(Stored items)
===============
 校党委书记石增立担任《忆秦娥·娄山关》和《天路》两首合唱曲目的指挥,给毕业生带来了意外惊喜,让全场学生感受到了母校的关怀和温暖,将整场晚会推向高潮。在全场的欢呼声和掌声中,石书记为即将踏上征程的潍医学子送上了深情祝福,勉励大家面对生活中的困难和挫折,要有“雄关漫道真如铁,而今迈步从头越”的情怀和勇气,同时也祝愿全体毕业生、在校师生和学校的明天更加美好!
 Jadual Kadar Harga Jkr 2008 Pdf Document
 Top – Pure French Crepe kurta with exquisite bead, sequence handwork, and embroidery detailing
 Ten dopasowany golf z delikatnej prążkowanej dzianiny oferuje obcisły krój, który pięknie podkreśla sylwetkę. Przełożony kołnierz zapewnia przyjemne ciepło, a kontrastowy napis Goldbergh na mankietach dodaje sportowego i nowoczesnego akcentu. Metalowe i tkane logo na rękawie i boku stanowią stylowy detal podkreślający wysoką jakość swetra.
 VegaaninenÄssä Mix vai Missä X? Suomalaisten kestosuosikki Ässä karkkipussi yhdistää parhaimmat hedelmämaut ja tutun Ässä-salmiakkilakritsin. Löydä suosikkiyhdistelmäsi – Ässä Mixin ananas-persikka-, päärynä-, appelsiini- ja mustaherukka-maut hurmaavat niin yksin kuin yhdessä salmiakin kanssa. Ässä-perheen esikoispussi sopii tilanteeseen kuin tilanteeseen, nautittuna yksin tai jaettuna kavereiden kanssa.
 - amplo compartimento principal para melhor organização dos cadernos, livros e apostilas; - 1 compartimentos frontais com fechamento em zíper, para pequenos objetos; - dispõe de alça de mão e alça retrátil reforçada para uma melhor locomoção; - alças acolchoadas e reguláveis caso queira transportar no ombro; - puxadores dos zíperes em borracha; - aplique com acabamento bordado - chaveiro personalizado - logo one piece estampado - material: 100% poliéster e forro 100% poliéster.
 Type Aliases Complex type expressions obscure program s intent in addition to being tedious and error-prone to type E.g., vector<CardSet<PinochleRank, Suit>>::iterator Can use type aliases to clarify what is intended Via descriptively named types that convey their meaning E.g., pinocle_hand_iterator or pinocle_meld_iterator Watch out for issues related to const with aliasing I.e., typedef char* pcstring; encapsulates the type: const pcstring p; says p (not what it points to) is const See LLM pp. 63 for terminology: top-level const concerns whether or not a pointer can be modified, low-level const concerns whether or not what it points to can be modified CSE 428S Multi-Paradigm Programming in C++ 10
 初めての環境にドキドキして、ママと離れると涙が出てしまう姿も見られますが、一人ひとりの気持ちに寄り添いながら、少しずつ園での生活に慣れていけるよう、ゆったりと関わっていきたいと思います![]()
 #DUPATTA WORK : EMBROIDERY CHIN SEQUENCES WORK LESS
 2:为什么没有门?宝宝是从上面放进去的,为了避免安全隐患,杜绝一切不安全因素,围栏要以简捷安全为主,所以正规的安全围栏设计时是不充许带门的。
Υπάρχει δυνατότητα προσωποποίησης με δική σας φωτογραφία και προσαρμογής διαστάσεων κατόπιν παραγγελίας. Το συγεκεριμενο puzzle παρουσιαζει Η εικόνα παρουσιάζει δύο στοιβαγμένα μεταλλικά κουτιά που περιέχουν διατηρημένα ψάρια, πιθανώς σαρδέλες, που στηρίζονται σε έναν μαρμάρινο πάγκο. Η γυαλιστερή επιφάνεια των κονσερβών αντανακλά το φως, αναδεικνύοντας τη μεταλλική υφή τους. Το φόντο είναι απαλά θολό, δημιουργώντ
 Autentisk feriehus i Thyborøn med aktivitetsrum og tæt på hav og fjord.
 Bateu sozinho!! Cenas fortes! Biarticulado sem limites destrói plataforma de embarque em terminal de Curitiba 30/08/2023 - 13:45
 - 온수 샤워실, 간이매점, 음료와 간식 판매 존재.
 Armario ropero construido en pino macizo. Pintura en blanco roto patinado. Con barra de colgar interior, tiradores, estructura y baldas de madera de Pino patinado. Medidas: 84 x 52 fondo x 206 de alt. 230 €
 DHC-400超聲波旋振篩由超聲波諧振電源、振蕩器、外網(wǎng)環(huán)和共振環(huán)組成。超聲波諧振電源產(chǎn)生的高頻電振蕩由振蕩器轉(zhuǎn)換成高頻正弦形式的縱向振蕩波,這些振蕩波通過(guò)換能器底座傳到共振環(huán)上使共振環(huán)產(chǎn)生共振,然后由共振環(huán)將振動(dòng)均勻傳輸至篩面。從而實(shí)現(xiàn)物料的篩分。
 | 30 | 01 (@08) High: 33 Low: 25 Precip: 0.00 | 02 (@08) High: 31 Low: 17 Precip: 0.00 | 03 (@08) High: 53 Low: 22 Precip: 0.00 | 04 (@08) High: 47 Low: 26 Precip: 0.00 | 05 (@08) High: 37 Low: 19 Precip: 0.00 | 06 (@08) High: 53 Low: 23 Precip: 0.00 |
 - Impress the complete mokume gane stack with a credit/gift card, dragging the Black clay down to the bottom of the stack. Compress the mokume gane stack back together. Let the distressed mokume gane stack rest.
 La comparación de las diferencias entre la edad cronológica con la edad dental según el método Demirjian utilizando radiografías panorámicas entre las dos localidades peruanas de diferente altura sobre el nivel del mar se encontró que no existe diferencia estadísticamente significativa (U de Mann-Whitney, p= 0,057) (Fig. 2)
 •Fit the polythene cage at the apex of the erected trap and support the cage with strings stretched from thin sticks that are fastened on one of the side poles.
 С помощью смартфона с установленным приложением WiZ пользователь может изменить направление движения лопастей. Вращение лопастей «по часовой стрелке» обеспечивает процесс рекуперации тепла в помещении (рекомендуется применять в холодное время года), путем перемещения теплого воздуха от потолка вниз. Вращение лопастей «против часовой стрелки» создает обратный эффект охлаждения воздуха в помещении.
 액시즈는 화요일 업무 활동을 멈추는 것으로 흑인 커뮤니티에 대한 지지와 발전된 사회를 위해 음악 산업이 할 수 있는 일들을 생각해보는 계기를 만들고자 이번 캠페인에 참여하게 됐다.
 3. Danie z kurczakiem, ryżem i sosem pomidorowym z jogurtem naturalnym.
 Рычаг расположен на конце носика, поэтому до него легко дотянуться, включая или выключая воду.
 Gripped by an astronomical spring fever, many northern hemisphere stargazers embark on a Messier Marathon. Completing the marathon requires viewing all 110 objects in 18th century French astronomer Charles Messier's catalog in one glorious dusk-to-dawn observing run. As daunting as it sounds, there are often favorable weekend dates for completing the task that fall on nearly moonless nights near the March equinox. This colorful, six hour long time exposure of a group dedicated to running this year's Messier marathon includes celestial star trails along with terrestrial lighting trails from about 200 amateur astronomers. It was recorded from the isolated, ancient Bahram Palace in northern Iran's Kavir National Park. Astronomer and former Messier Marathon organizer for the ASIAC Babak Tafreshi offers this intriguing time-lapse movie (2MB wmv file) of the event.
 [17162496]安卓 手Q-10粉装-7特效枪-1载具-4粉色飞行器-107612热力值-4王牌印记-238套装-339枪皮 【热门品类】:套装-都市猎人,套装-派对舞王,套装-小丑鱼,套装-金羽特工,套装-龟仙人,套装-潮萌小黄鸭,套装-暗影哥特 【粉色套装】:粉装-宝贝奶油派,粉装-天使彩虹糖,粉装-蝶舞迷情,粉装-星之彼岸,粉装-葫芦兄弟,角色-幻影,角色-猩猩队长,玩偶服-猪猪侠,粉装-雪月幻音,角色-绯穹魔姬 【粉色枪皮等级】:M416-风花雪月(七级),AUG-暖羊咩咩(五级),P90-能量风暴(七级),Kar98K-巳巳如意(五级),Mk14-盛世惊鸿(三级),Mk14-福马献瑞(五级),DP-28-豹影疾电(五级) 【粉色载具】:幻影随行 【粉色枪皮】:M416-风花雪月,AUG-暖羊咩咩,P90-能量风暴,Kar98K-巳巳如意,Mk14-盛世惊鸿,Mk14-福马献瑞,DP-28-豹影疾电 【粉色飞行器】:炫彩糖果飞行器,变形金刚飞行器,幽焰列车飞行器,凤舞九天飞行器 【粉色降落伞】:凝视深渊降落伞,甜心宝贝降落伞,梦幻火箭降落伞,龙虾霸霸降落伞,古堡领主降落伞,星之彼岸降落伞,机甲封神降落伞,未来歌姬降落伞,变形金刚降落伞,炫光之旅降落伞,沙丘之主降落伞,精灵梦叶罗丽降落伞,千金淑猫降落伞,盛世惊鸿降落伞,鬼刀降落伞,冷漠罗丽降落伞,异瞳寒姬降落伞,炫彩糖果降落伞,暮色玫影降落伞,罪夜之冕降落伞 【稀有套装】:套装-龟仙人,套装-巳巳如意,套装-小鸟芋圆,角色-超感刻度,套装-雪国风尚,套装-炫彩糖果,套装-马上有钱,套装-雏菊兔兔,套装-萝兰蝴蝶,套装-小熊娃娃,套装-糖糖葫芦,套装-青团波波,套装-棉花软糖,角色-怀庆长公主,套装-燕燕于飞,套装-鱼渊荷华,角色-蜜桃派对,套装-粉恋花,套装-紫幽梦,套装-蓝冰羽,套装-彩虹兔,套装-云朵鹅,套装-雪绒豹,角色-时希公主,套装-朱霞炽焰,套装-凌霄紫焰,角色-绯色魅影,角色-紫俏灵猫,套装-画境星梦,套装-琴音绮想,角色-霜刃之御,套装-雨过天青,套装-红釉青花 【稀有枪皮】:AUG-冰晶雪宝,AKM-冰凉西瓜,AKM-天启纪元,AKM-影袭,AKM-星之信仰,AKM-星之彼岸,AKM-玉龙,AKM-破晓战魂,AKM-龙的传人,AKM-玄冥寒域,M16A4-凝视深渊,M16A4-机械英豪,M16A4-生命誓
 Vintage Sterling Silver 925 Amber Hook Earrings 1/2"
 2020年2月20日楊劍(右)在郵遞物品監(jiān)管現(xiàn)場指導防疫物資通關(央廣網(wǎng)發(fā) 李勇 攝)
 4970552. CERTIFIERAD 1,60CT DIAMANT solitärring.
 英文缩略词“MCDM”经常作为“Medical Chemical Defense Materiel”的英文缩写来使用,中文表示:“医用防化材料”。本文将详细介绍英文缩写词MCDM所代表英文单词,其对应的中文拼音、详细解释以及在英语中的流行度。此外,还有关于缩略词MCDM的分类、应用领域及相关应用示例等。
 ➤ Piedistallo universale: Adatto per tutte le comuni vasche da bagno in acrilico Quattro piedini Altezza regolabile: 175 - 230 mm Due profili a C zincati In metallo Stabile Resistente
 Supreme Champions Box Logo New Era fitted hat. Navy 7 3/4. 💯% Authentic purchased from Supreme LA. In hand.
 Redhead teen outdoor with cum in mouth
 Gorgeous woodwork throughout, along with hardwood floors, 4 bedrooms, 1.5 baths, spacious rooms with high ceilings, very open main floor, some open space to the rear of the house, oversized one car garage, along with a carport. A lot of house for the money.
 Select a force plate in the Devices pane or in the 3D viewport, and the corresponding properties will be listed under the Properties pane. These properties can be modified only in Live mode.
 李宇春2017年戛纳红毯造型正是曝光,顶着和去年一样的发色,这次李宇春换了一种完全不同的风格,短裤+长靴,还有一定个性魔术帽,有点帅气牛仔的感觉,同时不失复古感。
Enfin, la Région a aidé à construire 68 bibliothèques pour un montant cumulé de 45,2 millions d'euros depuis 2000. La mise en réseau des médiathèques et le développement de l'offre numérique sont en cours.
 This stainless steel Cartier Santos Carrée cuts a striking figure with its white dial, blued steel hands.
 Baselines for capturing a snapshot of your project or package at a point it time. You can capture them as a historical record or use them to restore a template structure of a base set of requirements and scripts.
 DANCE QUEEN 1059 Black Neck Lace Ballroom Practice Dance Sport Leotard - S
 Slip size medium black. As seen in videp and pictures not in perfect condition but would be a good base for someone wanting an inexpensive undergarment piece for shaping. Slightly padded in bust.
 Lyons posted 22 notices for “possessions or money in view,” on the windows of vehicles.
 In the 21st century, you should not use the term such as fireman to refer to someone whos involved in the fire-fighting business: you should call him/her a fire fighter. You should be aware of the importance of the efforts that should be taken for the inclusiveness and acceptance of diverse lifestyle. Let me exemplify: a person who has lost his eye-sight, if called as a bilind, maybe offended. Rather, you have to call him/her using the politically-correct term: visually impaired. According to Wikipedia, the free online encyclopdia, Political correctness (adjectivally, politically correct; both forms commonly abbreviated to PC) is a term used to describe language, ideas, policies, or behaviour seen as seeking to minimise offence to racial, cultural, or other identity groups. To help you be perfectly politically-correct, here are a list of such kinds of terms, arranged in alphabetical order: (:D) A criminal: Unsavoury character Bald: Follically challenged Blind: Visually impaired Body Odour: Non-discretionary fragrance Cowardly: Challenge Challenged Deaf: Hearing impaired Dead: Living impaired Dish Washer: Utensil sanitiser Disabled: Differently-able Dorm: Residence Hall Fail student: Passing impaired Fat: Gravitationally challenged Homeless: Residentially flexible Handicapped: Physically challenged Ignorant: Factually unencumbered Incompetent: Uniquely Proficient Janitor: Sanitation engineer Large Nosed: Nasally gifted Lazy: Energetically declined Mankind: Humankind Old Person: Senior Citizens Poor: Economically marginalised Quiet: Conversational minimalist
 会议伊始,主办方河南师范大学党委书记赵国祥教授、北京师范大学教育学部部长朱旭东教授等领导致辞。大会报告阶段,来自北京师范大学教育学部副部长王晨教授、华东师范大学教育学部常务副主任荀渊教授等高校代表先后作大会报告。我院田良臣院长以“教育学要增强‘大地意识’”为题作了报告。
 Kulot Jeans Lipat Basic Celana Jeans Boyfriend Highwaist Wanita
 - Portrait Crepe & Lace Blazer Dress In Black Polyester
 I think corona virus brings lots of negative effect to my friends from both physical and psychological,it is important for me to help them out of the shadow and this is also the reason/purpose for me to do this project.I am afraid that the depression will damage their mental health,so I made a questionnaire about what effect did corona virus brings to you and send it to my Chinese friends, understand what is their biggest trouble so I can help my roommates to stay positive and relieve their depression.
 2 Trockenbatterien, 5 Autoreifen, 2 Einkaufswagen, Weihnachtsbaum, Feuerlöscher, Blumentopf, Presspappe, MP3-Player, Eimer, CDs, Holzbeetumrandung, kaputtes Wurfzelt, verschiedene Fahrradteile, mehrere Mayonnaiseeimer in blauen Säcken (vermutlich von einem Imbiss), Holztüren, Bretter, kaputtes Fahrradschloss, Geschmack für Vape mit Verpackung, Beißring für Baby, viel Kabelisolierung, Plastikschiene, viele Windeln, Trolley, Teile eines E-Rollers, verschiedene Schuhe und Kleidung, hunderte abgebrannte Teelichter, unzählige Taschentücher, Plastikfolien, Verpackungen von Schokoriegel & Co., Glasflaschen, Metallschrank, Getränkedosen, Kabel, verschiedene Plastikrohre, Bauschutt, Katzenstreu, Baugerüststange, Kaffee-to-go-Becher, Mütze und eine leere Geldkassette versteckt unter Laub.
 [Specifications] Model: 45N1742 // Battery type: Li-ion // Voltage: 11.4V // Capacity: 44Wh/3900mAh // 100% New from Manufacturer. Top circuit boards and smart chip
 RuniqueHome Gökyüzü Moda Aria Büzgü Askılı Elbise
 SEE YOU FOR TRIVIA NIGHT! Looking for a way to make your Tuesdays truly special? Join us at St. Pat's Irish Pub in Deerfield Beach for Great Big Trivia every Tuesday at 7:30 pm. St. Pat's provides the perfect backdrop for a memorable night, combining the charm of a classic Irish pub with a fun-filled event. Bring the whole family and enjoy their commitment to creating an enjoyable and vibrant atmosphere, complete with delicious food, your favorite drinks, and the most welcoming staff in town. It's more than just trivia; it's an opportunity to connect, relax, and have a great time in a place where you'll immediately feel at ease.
===============
• _Assignment_
Each line above that contains the word "type" must be copied.

• _Completed exercise_
 Type Aliases Complex type expressions obscure program s intent in addition to being tedious and error-prone to type E.g., vector<CardSet<PinochleRank, Suit>>::iterator Can use type aliases to clarify what is intended Via descriptively named types that convey their meaning E.g., pinocle_hand_iterator or pinocle_meld_iterator Watch out for issues related to const with aliasing I.e., typedef char* pcstring; encapsulates the type: const pcstring p; says p (not what it points to) is const See LLM pp. 63 for terminology: top-level const concerns whether or not a pointer can be modified, low-level const concerns whether or not what it points to can be modified CSE 428S Multi-Paradigm Programming in C++ 10
 [Specifications] Model: 45N1742 // Battery type: Li-ion // Voltage: 11.4V // Capacity: 44Wh/3900mAh // 100% New from Manufacturer. Top circuit boards and smart chip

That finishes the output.